92 F-150 w/small block romeo V8. I got 147000 (approx) on it and it still runs great. I tow 8' and 10' trailers without any problems and have hauled an entire deck package (12 x 16) with it. Gets 24 MPG with no load on the highway. Towing and/or heavy payload substantially drop MPG to between 12 to 19 depending on what the load is. Best part is no crew cab = less cleaning and no obnoxious passengers. When I do get another truck however I will probably go with the F-350 diesel super duty (2WD). I'll probably get the tow package installed after I get the truck because they don't have it available (at least that's what the sales guy told me) in a standard with the tow package.


----------



## Tinstaafl (Jan 6, 2008)

Cole82 said:


> Today at the lumber yard I saw a guy with a ranger and a 4x8 enclosed trailer.


Today at the lumber yard, I saw a guy with a yellow VW bug and a 4x8 open trailer he was loading up with 4x4s. Looked cool! :laughing:

For general all-around work, it's hard to beat a standard (or 4x4) F150 or the equivalent in a different breed. Obviously, if you often need to carry or tow big loads, you need something beefier. But I wouldn't consider anything smaller. That just makes you _think_ you have a truck, and is going to lead to frustration.

As for gas mileage, that's a non-issue. It's just part of the overhead and should be covered by your overall pricing.

Now, something shiny to drive around empty and impress clients with is an altogether different matter.


----------



## J-Peffer (Mar 3, 2007)

I hope I don't offend anyone here, and I'm sure I probably will.

A lot of guys are hurting for work and I've always said guys that hurt for work, think with the "contractor" mentality.

When we have work booked up, we make good money, we can buy a F350 super charged diesil and live in a $500k home.

What do your customers see though? They see you pull up in a $60k truck, towing a 10k trailer, dropping off a 12k dump trailer, and chances are, if you are operating like this, you are no where to be found when the work is being done. To top it off, in my community, they know you live in a 500k house.

Maybe you are worth it, but maybe there is a reason people are under bidding your work though too. 
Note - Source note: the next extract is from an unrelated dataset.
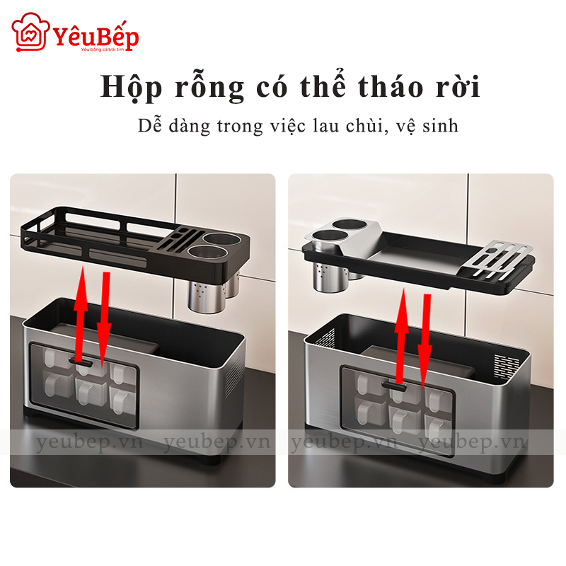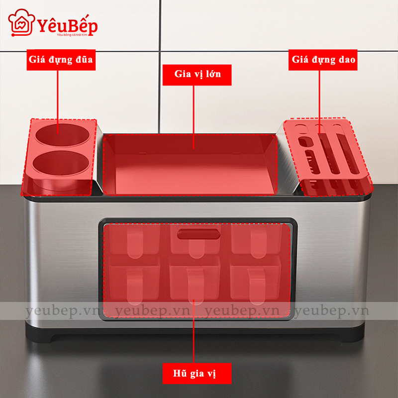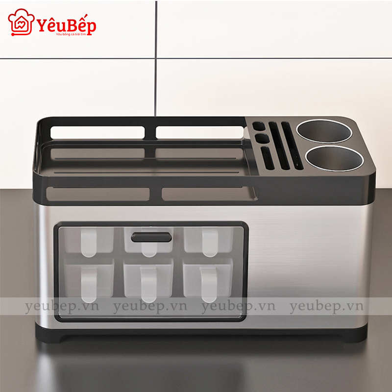 6 hộp đựng gia vị, 2 hộp đựng đũa và 1 khay đựng dao |

I get my shingles delivered for free, on the roof. I order dumpsters to be dropped off, I can dump them at the dump for 15 a yard, or get a dumpster for 17 a yard. Anything I can't fit in the back of my 1/2 ton truck, or on a 6x12 trailer, it gets delivered for free, or for a very reasonable price.

All lumber yards offer these services, they have trucks bigger than any of us have. Let them provide the service. 
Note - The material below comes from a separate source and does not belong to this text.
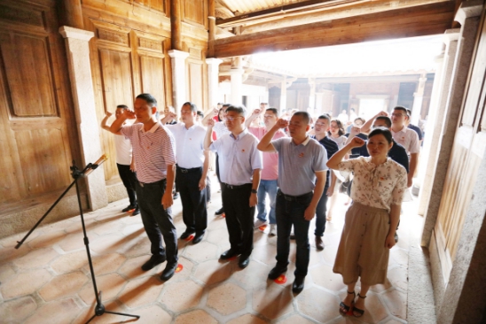 全体党员面向党旗,重温入党誓词(骆惠勇摄)

Get a nice, dependable, respectable, used 1/2 ton truck, or even a used 3/4 ton. 

Seriously, does no one else know how bad of a financial purchase a NEW vehicular is?

Now is not the time to start obligating to over head cost.
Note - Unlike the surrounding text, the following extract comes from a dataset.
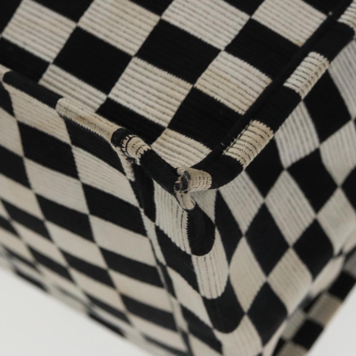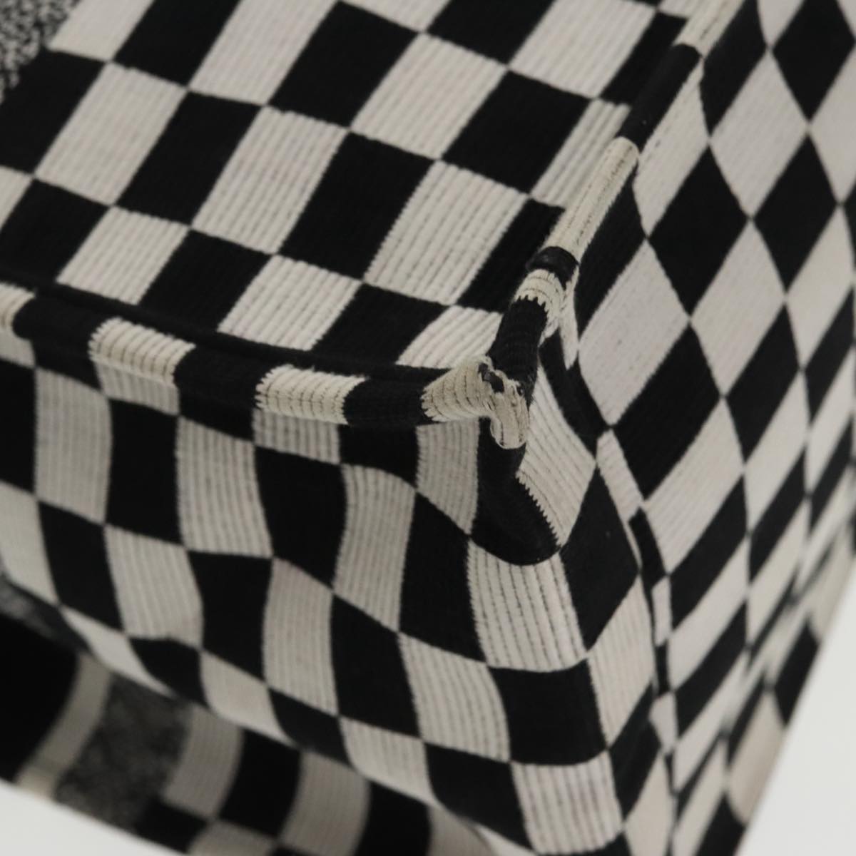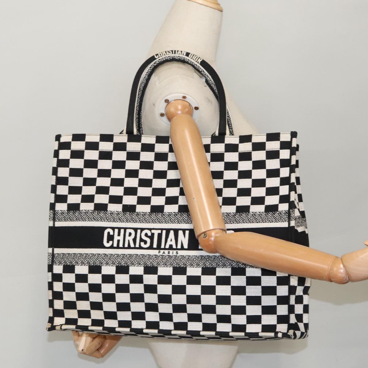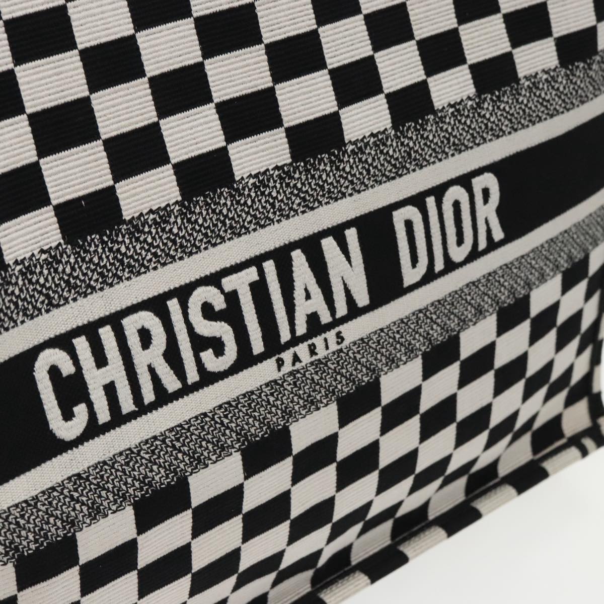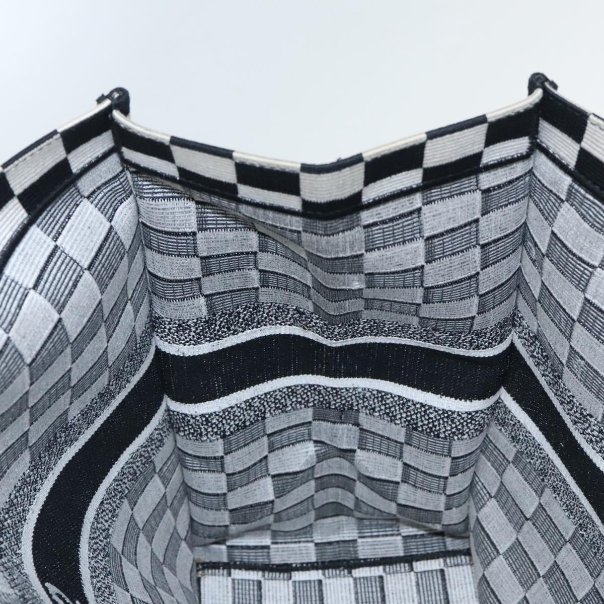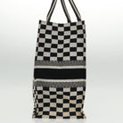 Christian Dior Check Book Tote Bag Canvas White Black Auth bs19322V

The guys driving in the biggest most expensive trucks, are not the guys making the most money, I promise you that. They are the guys with the biggest lines of credit.

The thing I've noticed about contractors, they do a LOT of things to impress other contractors, instead of making smart moves and trying to impress there customers.


----------



## Warren (Feb 19, 2005)

Peffer: I agree with most of your post. I have a 99 1 ton van and bought it used for 6k in 2005. I didnt need a 1 ton for hauling, but it does have a longer and taller bed which fits more tools and material. Just so you don't let your vehicle get so pathetic looking that you actually lose customers. Overheard a contractor after he had gotten a price from someone driving a 50k truck say "I wonder how much I'm payin a foot for that.


----------



## BobsLandscaping (May 25, 2009)

I agree. It would be nice to have a Harley Davidson F-450 pick up, but I don't need that much truck. A 1 ton DRW that can tow and haul will suit my business for years to come. Landscaping materials (mulch, stone, soil, etc.) are heavy. The equipment is heavy. I need a truck that can handle that, what I don't need is lots of chrome, flashy paint, and electronics. If I make good money I'd rather have a Wrangler Rubicon 4 door to play with, or a Mustang Bullitt, or a Hummer H1 Alpha. Trucks are for work.


----------



## mnjconstruction (Oct 5, 2008)

J-Peffer said:


> I hope I don't offend anyone here, and I'm sure I probably will.
> 
> A lot of guys are hurting for work and I've always said guys that hurt for work, think with the "contractor" mentality.
> 
> ...


 
I agree, great post. I bought a brand new truck last fall and I regret it. Wish I would of kept my old one. Most days though you'll see me in my old 1989 dodge ram cargo van. Its in good shape and i love the old girl. All my other vans in fleet are 1990 to 1996. we just keep them going. new paint every 4 or 5 years to keep them looking decent.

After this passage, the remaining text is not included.